In this experiment, discrete wavelet transform is used to detect R waves. First, modulus maxima are detected, then zero crossings are found to identify QRS locations. An adaptive noise threshold is introduced to determine whether a detected spike is an R wave or an artifact. or each R-peak detected by wavelet transform, record the R coordinate, search 250 ms to the left from the R point; if a valid point exists, record the left endpoint, otherwise stop. Then search 250 ms to the right of the R point; if a valid point exists, record the right endpoint, otherwise stop. Crop the waveform between these endpoints to create the sample input for the deep learning network.
3.2 Training the Classification Model
In supervised deep learning, labeled datasets are fed to a network according to a strategy. Over thousands of iterations, the model adjusts internal parameters to produce an effective classifier.
In this work, the training set is stored as XML files.
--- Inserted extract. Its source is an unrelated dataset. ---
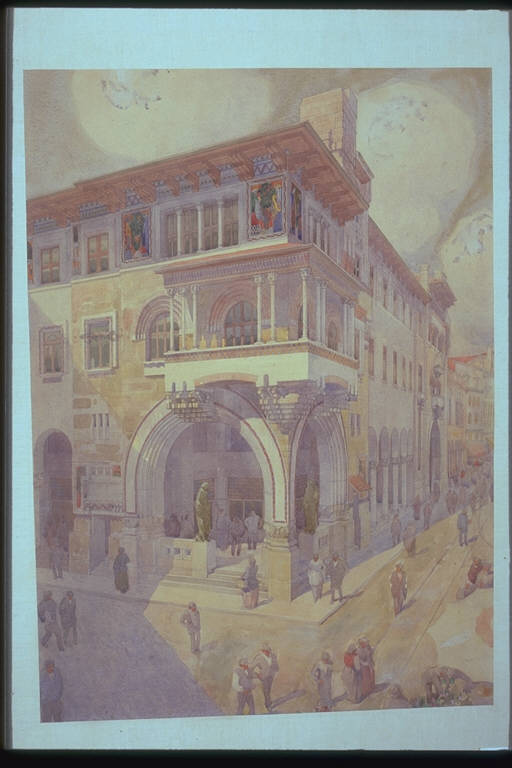 - NOTIZIE STORICO CRITICHE Il 15 giugno 1913 venne bandito un concorso internazionale per la nuova sede della Cassa di Risparmio di Verona in Piazza delle Erbe, con la prescrizione ai concorrenti di non creare dissonanze con gli edifici adiacenti, inserendosi armonicamente nel composito ambiente urbano senza alterarne la fisionomia. L'architetto Arrigo Cantoni partecipò con un'equipe di collaboratori scelti nell'ambito di competenze diverse, fra i quali Antonio Sant'Elia e il pittore Leonardo Dudreville. Il progetto dello studio Cantoni, presentato con il motto "Costruire", si classificò tra i cinque finalisti: ma la giuria non ritenne nessun lavoro soddisfacente e invitò gli autori ad una seconda prova più aderente alle condizioni del bando. Sant'Elia e Cantoni ripresentarono il progetto con modifiche senza però ottenere miglior successo. Nel dicembre 1914 fu infatti proclamato vincitore l'architetto G.B. Milani.

Each image is an independent variable xi; the bounding box coordinates [x1,y1,x2,y2] and the class label Label (Label ∈ {“N”, “S”, “V”, “F”}) are dependent variables yi. Analogous to fitting a line to many points in two-dimensional space, many (xi, yi) pairs in deep learning fit a complex function determined by model parameters.
Thus, the goal is to train a deep network to represent a complex nonlinear function with many parameters to predict labels given inputs.
Within the Faster R-CNN framework, several parts must be modified for training:
- Update dataset paths, labels, and other hyperparameter files.
- Adjust the number of classes in train_val.prototxt and test.prototxt.
- Modify the solver file and set its path.
- Run the training script script_faster_rcnn_VOC2007_ZF.m to execute training.
- After training, modify the generated detection_test.prototxt file.
For parameter settings, default values are used except for max_iter and stepsize in the solver file. max_iter is the maximum number of training iterations: too small causes undertraining; too large may cause overfitting. stepsize is the iteration count after which the learning rate decays. The learning rate is critical: a larger rate early in training speeds convergence; a smaller rate later prevents overshooting the optimum.
The dataset used contains 800 images. Multiple training experiments found best results with max_iter = 4000 and stepsize = 3000.
4. Classification Performance Testing
The Faster R-CNN framework produces three outputs for heartbeat classification: bounding box (box), class label, and score. The box is defined by coordinates of the top-left and bottom-right corners, represented as a 1×4 vector. The class label is the model's class prediction for that box and, in this work, takes one of four discrete values. .
5. System Integration and Conclusion
A hardware ECG acquisition system based on an STM32 microcontroller was designed for signal acquisition and transmission. The BMD101 chip acquires raw ECG signals, and Bluetooth and WiFi transmit data to a PC application and an Android app. A PC application was implemented for ECG display and storage, and an Android app implements real-time ECG display, user location, and remote server upload of ECG data.
Accurate ECG classification depends on extracting correct features. This work trains a deep neural network directly on preprocessed ECG signals, extracting features layer by layer and fitting an automatic ECG classification model. The trained model was used to classify ECGs and produced satisfactory results.